=== DATASET EXCERPT ===

--- START ---

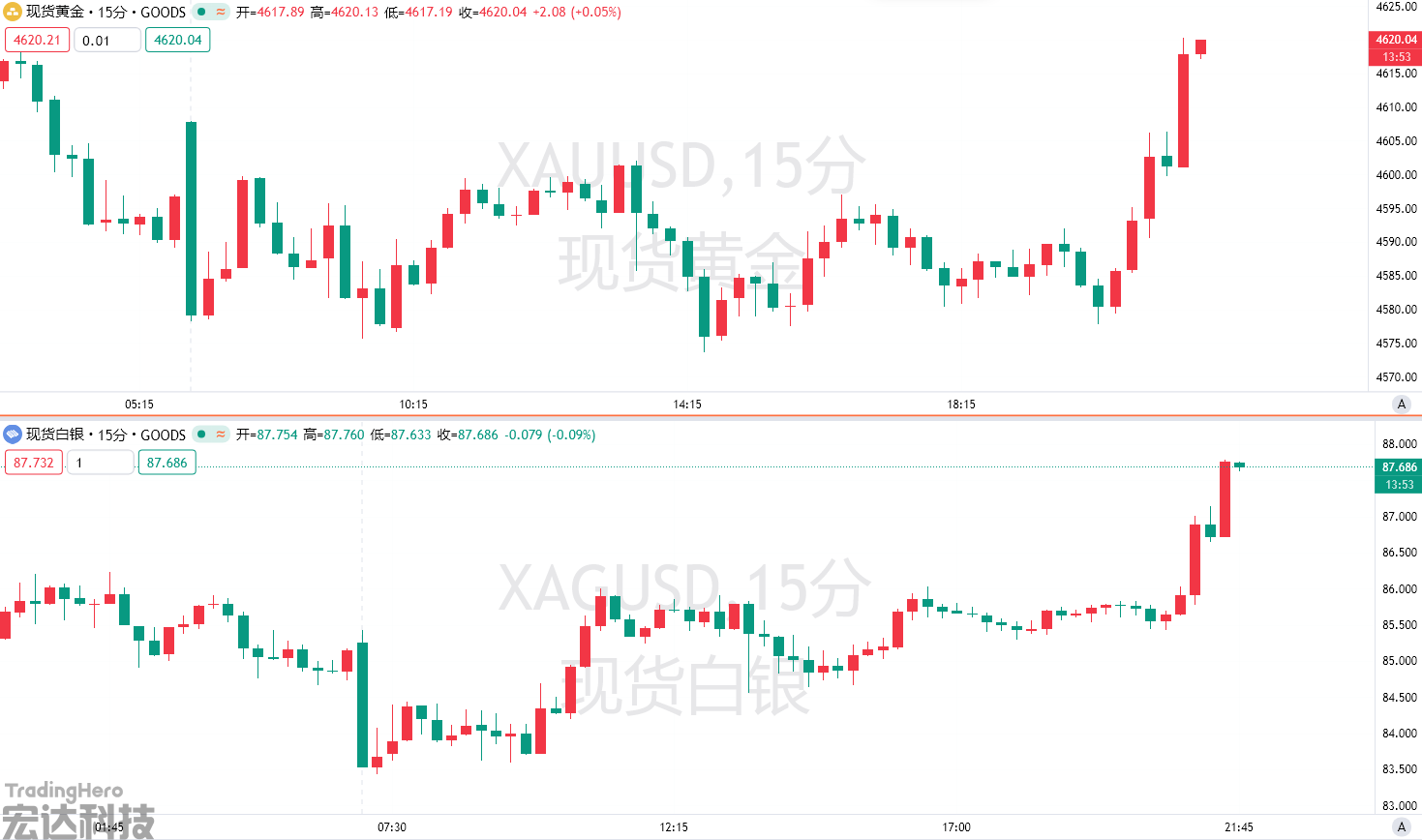 数据公布后,现货黄金短线走高超10美元,并一度站上4620美元;现货白银盘中一度大涨3%;美元指数急跌后小幅反弹。
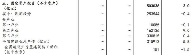分產(chǎn)業(yè)看,第一產(chǎn)業(yè)投資10085億元,比上年下降0.1%;第二產(chǎn)業(yè)投資162136億元,增長(zhǎng)9.0%;第三產(chǎn)業(yè)投資330815億元,增長(zhǎng)0.4%。
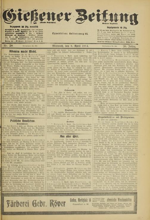 Gießener Zeitung. 1914-1918
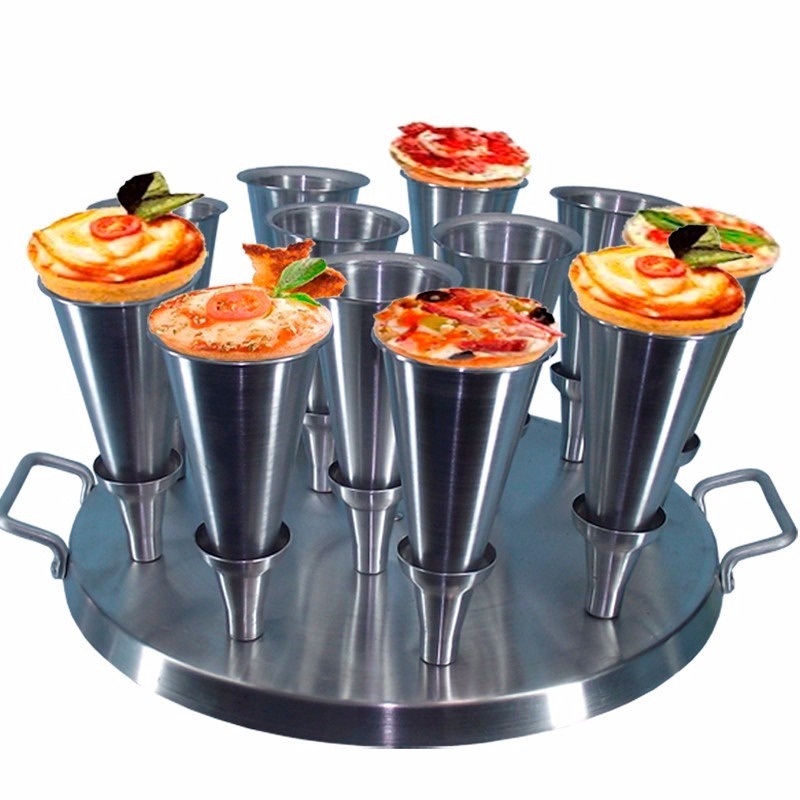 Kit 12 Forma Pizza Cone + Base Para Assar Com Aro Modelador

--- END ---

=== EXERCISE AIM ===
Extract the run of lines from the line holding "Gießener Zeitung. 1914-1918" through the final line of the material above, exactly and inclusively. Leave the pictures behind.

=== RESPONSE FOR THIS EXERCISE ===
 Gießener Zeitung. 1914-1918
 Kit 12 Forma Pizza Cone + Base Para Assar Com Aro Modelador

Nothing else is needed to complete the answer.